India Lynchings Revive Bitter Debate

Washington Post

DULENA, India -- It began, by most accounts, with a grisly rumor: Five men had been arrested after stealing a cow -- revered by Hindus as the mother of all humanity -- and skinning it alive just steps from the construction site of a Hindu temple. Something had to be done.

It was.

Inflamed by a day of religious revelry, a mob several thousand strong converged on the small police outpost where the men were being held, dragged them from their cell and beat them to death with clubs and bricks, according to government officials and local residents. Two of the bodies were burned.

Now the gruesome killings in this small farming community, less than an hour’s drive west of New Delhi, have revived an impassioned national debate: Is the life of a cow more sacred than that of a man?


The debate echoes a larger battle over the identity of this vast and ethnically diverse nation of a billion people, pitting the guardians of India’s secular pluralistic traditions against ascendant Hindu nationalists who see themselves as protectors of India’s dominant faith and culture.

Although authorities have promised a full investigation of the Oct. 15 lynchings, which occurred in the presence of several dozen police officers and a local magistrate, so far the only charges in the case have been lodged against the five dead men, for “cow slaughter.” Investigators have received the results of an autopsy -- on the cow.

And for many members of India’s powerful Hindu nationalist movement, the killing of the five dalits -- or untouchables, who occupy the lowest rung of the Hindu caste system -- was an understandable, perhaps even justified, response to an even more serious offense.

“We consider the cow to be the mother of the world, of humanity, so if you’ve murdered a cow, then you’ve murdered a mother,” said Pitambar Gaur, 35, who heads the local chapter of the World Hindu Council, a prominent nationalist group.

While expressing sympathy for the dead men, he described the killings as “logical” under the circumstances, adding, “If this act becomes a deterrent to prevent others from doing this, then I think it was right.”

Such statements have infuriated secular liberals, who see the case as the latest example of how Hindu extremists and their political allies -- including the Bharatiya Janata Party, which leads India’s coalition government -- are undermining the rule of law and deepening the fissures in Indian society. Politicians from the opposition Congress Party, among others, have accused police of conspiring with Hindu radicals in the state of Haryana to incite the lynchings, which have received prominent coverage in the Indian news media.

India has a long history of such bloodshed, typically involving clashes between Hindus and members of the country’s Muslim minority.

In the state of Gujarat last spring, Hindu mobs killed more than 1,000 Muslims after a Muslim mob attacked a train carrying Hindu activists, killing 60.
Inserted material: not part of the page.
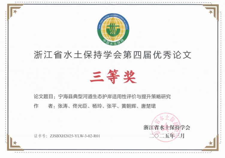 會議現(xiàn)場通報了2024年度生產(chǎn)建設(shè)項目水土保持方案優(yōu)秀單位、2024年度生產(chǎn)建設(shè)項目水土保持監(jiān)測優(yōu)秀單位,并為獲獎集體進(jìn)行表彰。隨后,又現(xiàn)場表彰了浙江省水土保持學(xué)會第四屆優(yōu)秀論文評選結(jié)果。我院榮獲2024年度生產(chǎn)建設(shè)項目水土保持方案優(yōu)秀單位、2024年度生產(chǎn)建設(shè)項目水土保持監(jiān)測優(yōu)秀單位兩項集體榮譽,并且以論文《寧??h典型河道生態(tài)護(hù)岸適用性評價與提升策略研究》獲得浙江省水土保持學(xué)會第四屆優(yōu)秀論文三等獎。
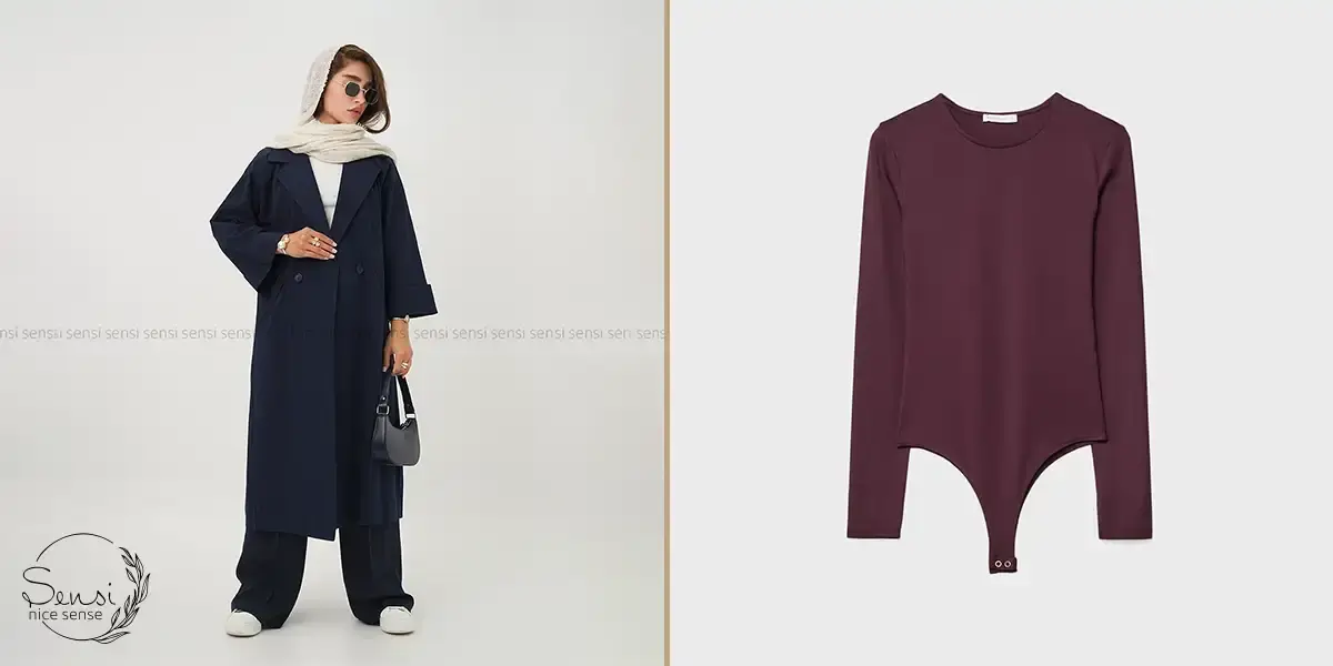 برای روزهای خنکتر، یک بادی نخی ساده زیر مانتوی اورسایز مینیمال راحتی و شیکی را همزمان به شما میدهد. این ترکیب هم حس آرامش ایجاد میکند و هم خطوط مینیمال را حفظ میکند، ایدهآل برای استایل روزانه و شهری است.

But dalits too have suffered their share of persecution. Although they are Hindus, their place at the bottom of the caste system renders them “impure” in the eyes of many Indians, and therefore suitable only for jobs that higher-caste Hindus shun.

One of those jobs involves skinning cattle. Although slaughtering cows is illegal in India, the government grants licenses to dalits who collect and sell the hides of cows that die of disease, old age or accidents. The lynching victims made their living this way, relatives said.

One of the victims, Virender Singh, 23, lived with his wife, two small children and their extended family in a two-story concrete home in Badshahpur, a village just outside New Delhi.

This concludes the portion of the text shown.